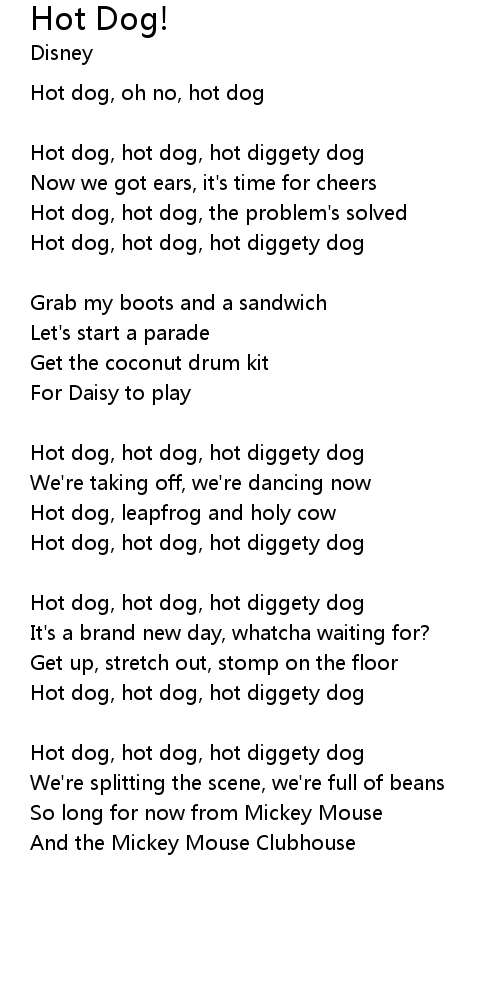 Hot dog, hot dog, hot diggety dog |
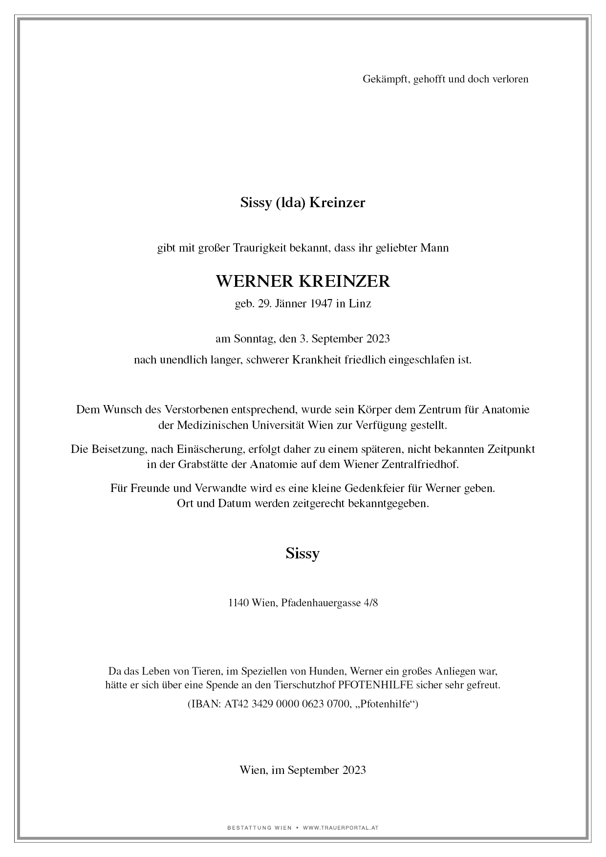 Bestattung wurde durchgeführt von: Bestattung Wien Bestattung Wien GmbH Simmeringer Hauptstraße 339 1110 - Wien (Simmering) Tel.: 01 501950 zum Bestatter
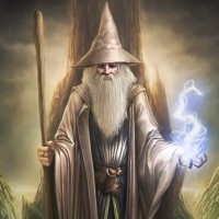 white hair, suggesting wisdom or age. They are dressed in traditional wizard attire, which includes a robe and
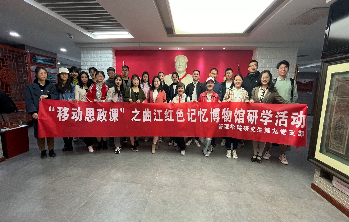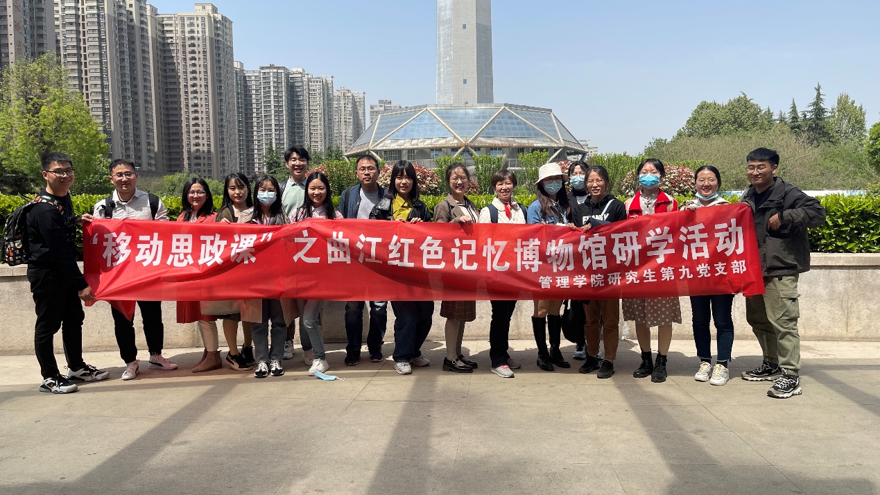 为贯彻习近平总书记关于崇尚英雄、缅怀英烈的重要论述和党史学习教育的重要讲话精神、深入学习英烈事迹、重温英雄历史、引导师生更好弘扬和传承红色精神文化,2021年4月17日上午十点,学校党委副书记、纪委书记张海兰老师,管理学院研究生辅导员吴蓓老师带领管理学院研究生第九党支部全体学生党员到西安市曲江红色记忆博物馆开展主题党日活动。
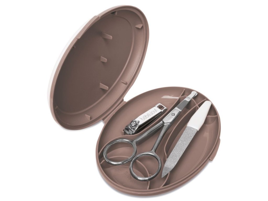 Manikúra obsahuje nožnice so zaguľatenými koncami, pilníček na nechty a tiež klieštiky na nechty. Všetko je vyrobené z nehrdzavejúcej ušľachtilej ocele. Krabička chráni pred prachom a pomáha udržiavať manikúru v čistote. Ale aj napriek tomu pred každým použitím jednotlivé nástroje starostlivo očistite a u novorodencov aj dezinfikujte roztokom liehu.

- Your assignment:
The response should be the lines from the one containing "为贯彻习近平总书记关于崇尚英" through the final line of the records, reproduced exactly and with every picture left out.

- Exercise response:
 为贯彻习近平总书记关于崇尚英雄、缅怀英烈的重要论述和党史学习教育的重要讲话精神、深入学习英烈事迹、重温英雄历史、引导师生更好弘扬和传承红色精神文化,2021年4月17日上午十点,学校党委副书记、纪委书记张海兰老师,管理学院研究生辅导员吴蓓老师带领管理学院研究生第九党支部全体学生党员到西安市曲江红色记忆博物馆开展主题党日活动。
 Manikúra obsahuje nožnice so zaguľatenými koncami, pilníček na nechty a tiež klieštiky na nechty. Všetko je vyrobené z nehrdzavejúcej ušľachtilej ocele. Krabička chráni pred prachom a pomáha udržiavať manikúru v čistote. Ale aj napriek tomu pred každým použitím jednotlivé nástroje starostlivo očistite a u novorodencov aj dezinfikujte roztokom liehu.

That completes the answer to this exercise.